Chemical adsorption-induced distinct friction behaviors of supported atomically thin nanofilm

Abstract

Graphene, with its excellent mechanical properties and friction-reducing capabilities, functions as a solid lubricant and protective coating. However, environmental contamination, consisting of various compounds, elements, and molecules, can degrade these properties and is challenging to characterize. We address this difficulty to unravel the impact of contamination on graphene's tribological performance by adsorbing six different chemical reagents on graphene supported by silicon substrates. Through friction experiments, six distinct frictional behaviors were observed on these contaminated graphene samples.
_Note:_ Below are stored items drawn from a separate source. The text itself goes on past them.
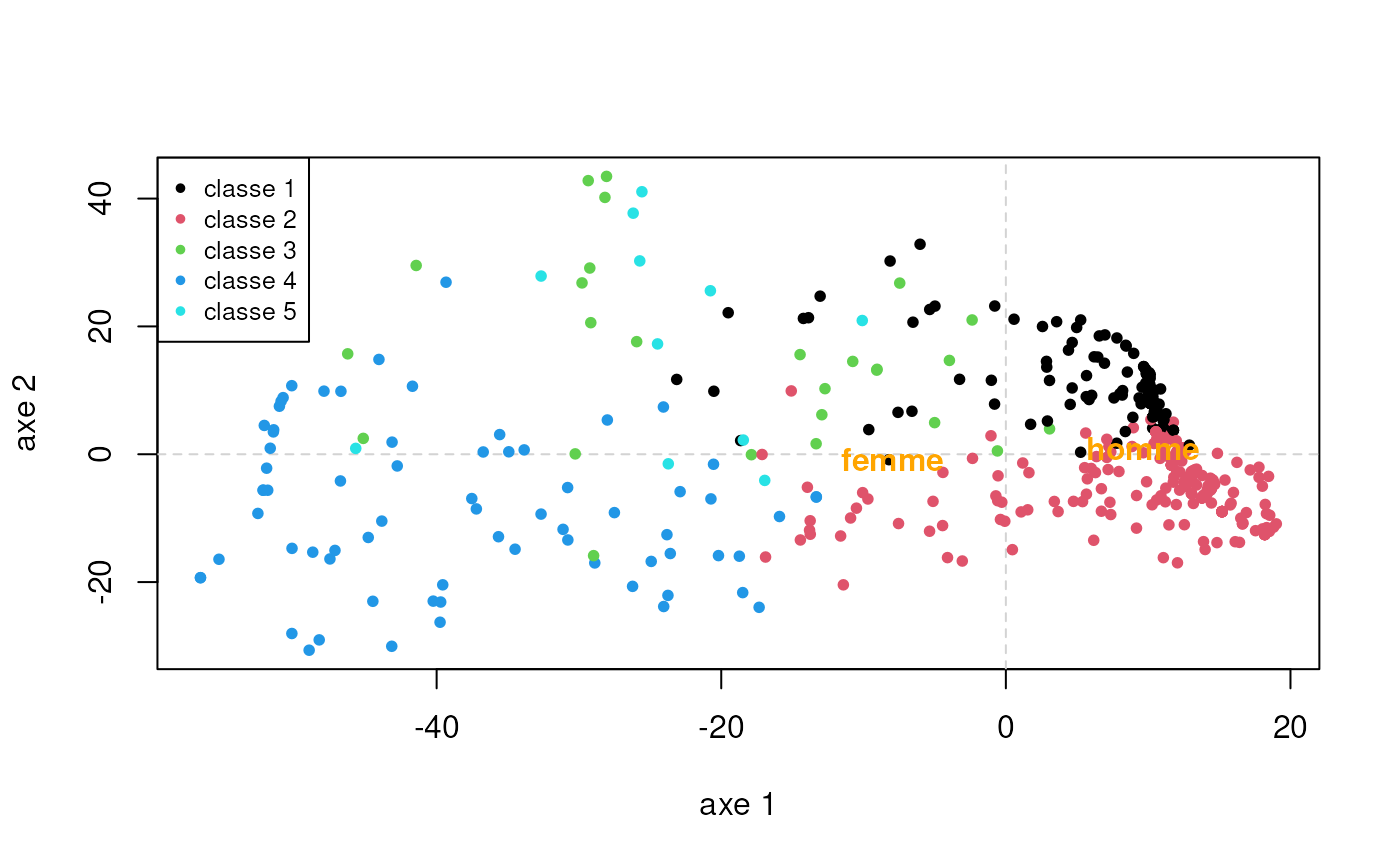 D <- (diff2(F)+diff2(G))^0.5On réalise ensuite une classification automatique (ici une CAH).
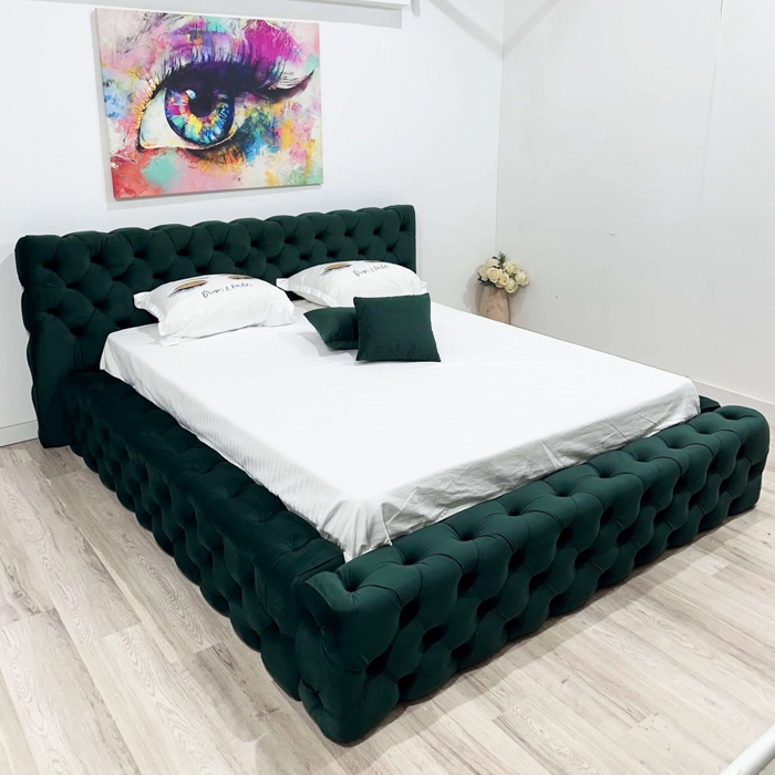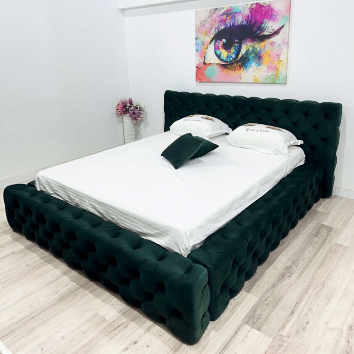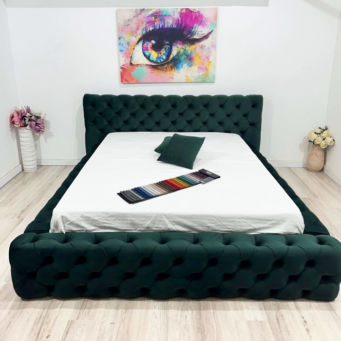 Pat matrimonial in stil Chesterfield cu dimensiuni totale de 180 x 240 cm, pentru saltea de 180 x 200 cm, tapiterie din catifea, tablie inalta de 130 cm, cadru pat 33 cm, somiera metalica rabatabila, lada de depozitare. La comanda nasturii pot fi si imbracati in material. Un dormitor sofisticat merita o piesa centrala care sa impresioneze, iar patul matrimonial Gold cu tablie inalta este definitia luxului si confortului. Tapitat in catifea verde smarald, cu un design stil Chesterfiled
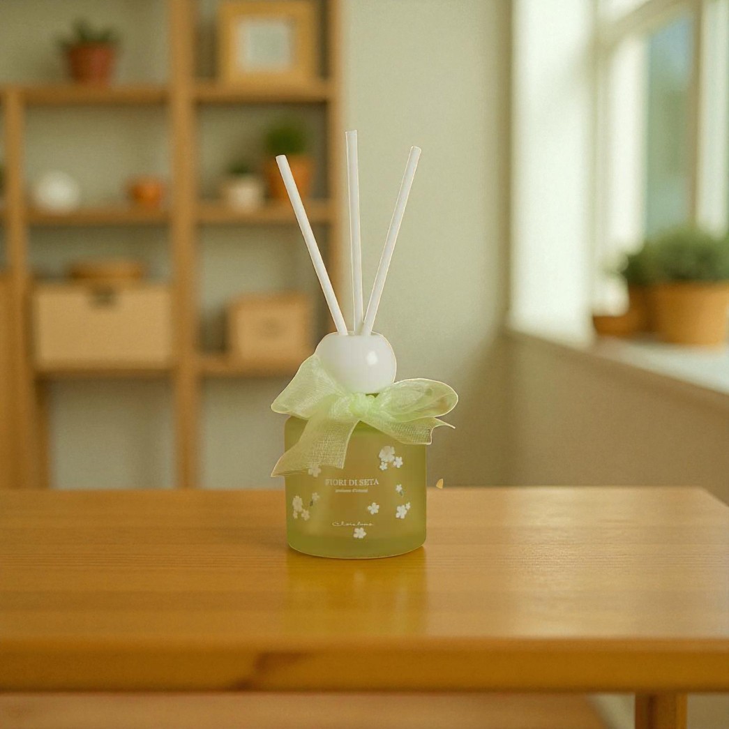 Il diffusore si distingue per la sua boccetta in vetro impreziosita da dettagli floreali bianchi e dal fiocco in organza che avvolge il tappo. Questo design raffinato e romantico lo rende un complemento d’arredo versatile, capace di adattarsi a qualsiasi ambiente e di trasmettere armonia e dolcezza.
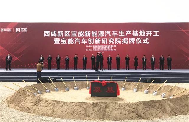 西咸新區(qū)寶能新能源汽車生產(chǎn)基地開工暨寶能汽車創(chuàng)新研究院揭牌儀式在陜西省西咸新區(qū)秦漢新城舉行。該項(xiàng)目總投資約400億元,規(guī)劃產(chǎn)能100萬(wàn)輛(其中一期50萬(wàn)輛)新能源汽車及配套項(xiàng)目,整車和零部件制造產(chǎn)值將超過(guò)千億元。這是寶能在新能源汽車產(chǎn)業(yè)的重大布局,也是西咸新區(qū)首個(gè)開工建設(shè)的千億級(jí)工業(yè)產(chǎn)業(yè)項(xiàng)目。
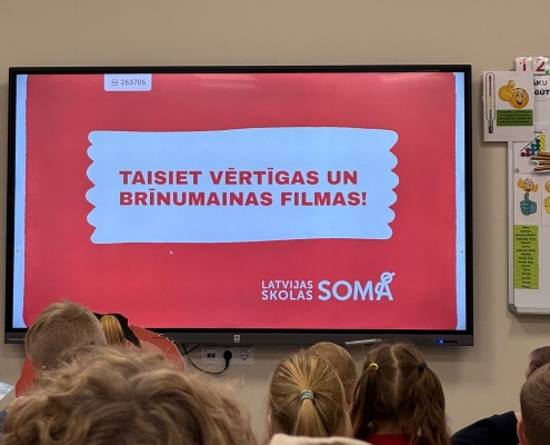 21.novembrī skolā notika izzinoša nodarbība 1.-3.klasei “Teksts un attēls kustībā”, kas organizēta pateicoties programmai Latvijas skolas soma. Nodarbībā skolēni sadarbojās un grupās pētīja grāmatas, meklējot interesanto, kas stāstu pārvērstu animācijas filmā, lai tā būtu vērtīga. Mums bija pirmreizēja iespēja redzēt reklāmas rullīti filmai, kas uz ekrāniem nonāks tikai nākamā gada septembrī. Redzējām kā top animācijas filma un uzzinājām, ka šis process var aizņemt pat 6 gadus. Nodarbība bija vērtīga un ar nepacietību gaidām, kad varēsim noskatīties filmu “Laimīgie”.
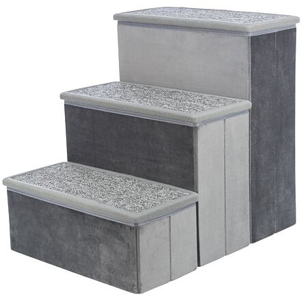 optimální pro malé, starší nebo nemocné psy a kočky pomáhají zvířeti dosáhnout vyšších míst bez nutnosti skákání kobercem pokryté schůdky pro bezpečnou chůzi s úložným prostorem uvnitř schodů (víka lze odklopit) celé schůdky lze snadno a rychle složit pouze pro vnitřní použití materiál: polyesterový potah sametov... více
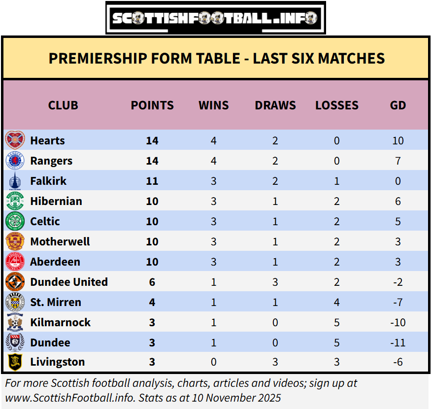 Despite two draws in the last six matches, Hearts are still in the best form in the league (joint with Rangers), while Falkirk are in slightly better form than both Hibs and Celtic. At the other end; Livingston, Dundee and Kilmarnock have all taken only 3 out of the last 18 points available.
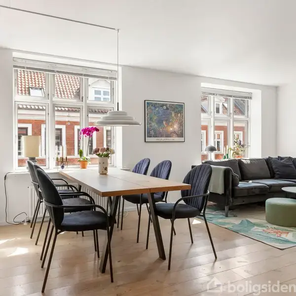 Velkommen til Rantzausgade 20, 2. tv. – en lys og indbydende lejlighed beliggende i et roligt og charmerende kvarter tæt på Aalborgs midtby. Beliggenheden forener det bedste fra begge verdener – her bor du tæt på centrum, men stadig i fredelige og hyggelige omgivelser. Du har kort afstand til caféer, indkøbsmuligheder, offentlig transport og byens mange øvrige faciliteter. Lejligheden byder på 78 veldisponerede kvadratmeter og fremstår gennemgående velholdt med flere opdateringer. Det moderne Svane-køkken fra 2017 har god skabsplads og et stilrent udtryk. Den rummelige stue har et skønt lysindfald og gode indretningsmuligheder, mens de to værelser begge fik nye gulve i 2019. Lofterne blev ligeledes renoveret samme år. Badeværelset er lyst og funktionelt. Ejendommen har også fået en opdatering: I 2021 blev der foretaget udvendig renovering af facade og vinduer, herunder nye fuger og maling – en klar forbedring, der både forskønner og vedligeholder bygningen. Der er adgang til et hyggeligt og velholdt gårdmiljø samt gratis fælles vaskefaciliteter i kælderen, hvor du frit kan benytte både vaskemaskine og tørretumbler gennem ejerforeningen. En indflytningsklar bolig med god komfort, attraktiv beliggenhed og velfungerende fællesfaciliteter – perfekt til både singler, par og den lille familie.
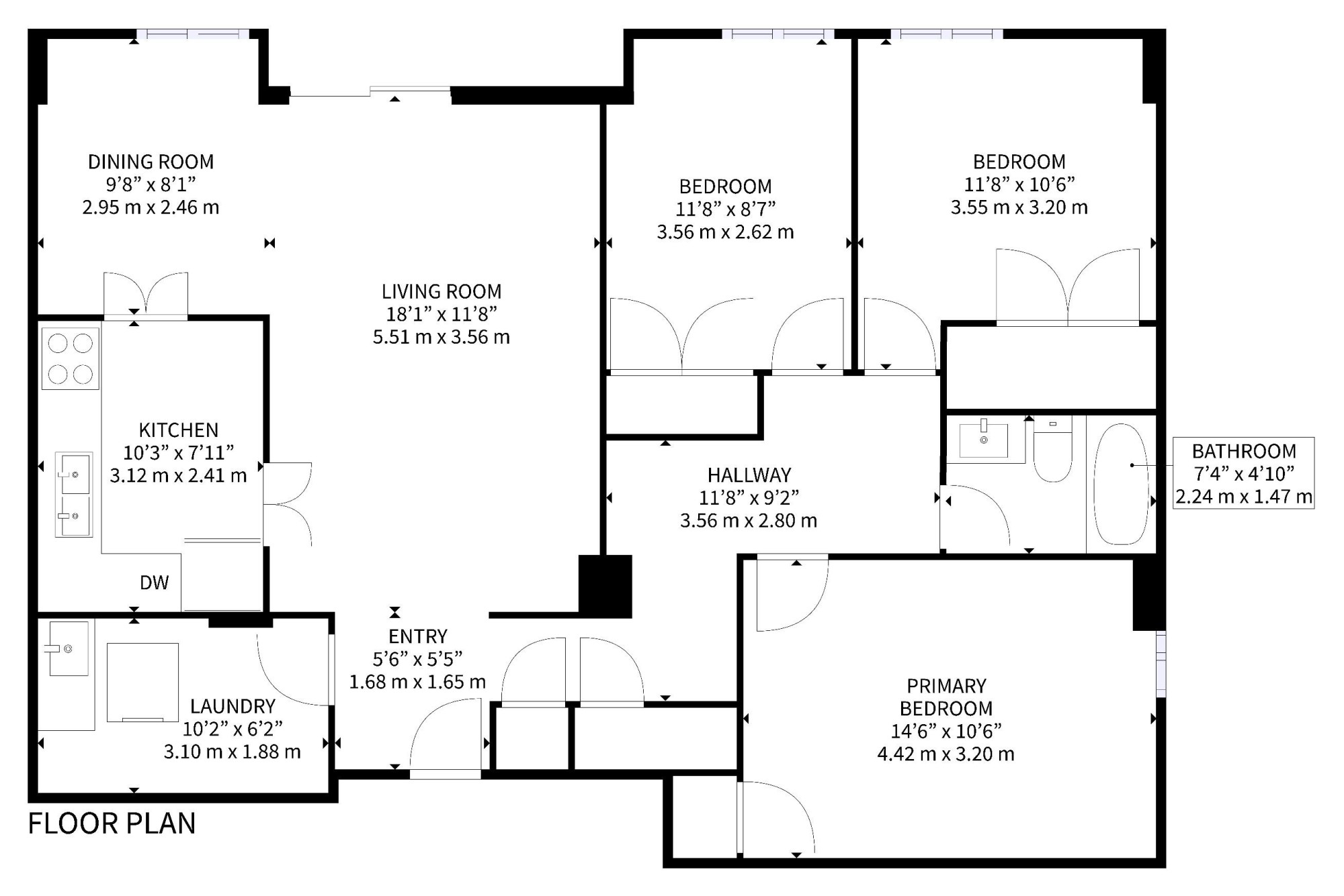 | 9 | Bathroom | Flat | 2.24 x 1.47 | Tile Floor, 4 Piece Bathroom, Built-In Vanity |
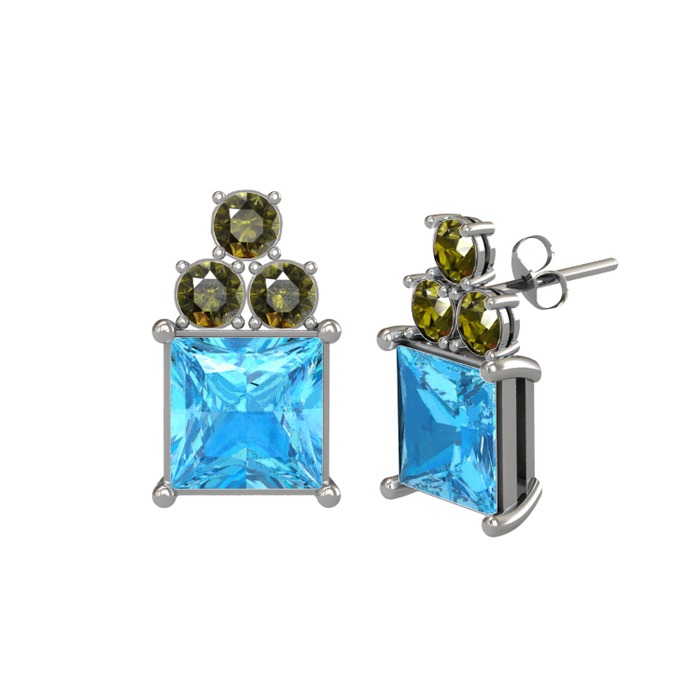 Akuamarin ve peridot 925 ayar gümüş küpe
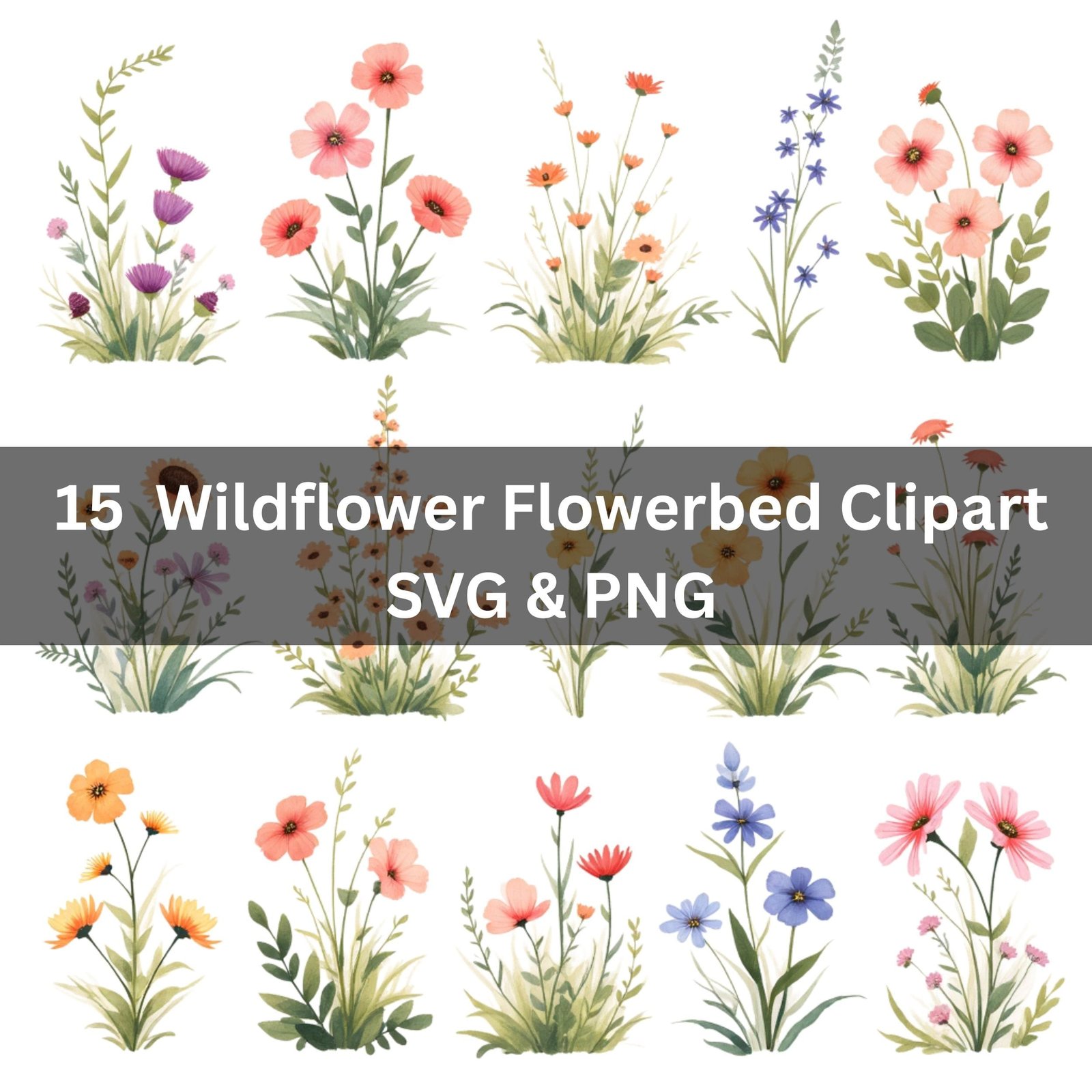 15 PNG Wildflower Flowerbed Clipart Set – Watercolour Printable Graphics

Specifically, benzyl alcohol, toluene, and ethanol all increased the surface friction, adhesion, and friction coefficient of graphene to varying degrees, resulting in positive frictional hysteresis. In contrast, acetone, 1-pentanol, and 1-pentane had the opposite effect to different extents. Notably, 1-pentane significantly reduced the friction coefficient of graphene, achieving superlubricity, while benzyl alcohol damaged thin layers of graphene, causing them to completely disappear. Finally, through MD simulations, we demonstrated that hydrogen bonds formed by hydroxyl groups and the carbon chain structure of the chemical contaminants cause variations in the contact area and stress/strain distribution within it, thus leading to varied surface friction. The evolution of these factors during the loading-unloading process was the primary reason behind these six distinct hysteretic friction behaviors.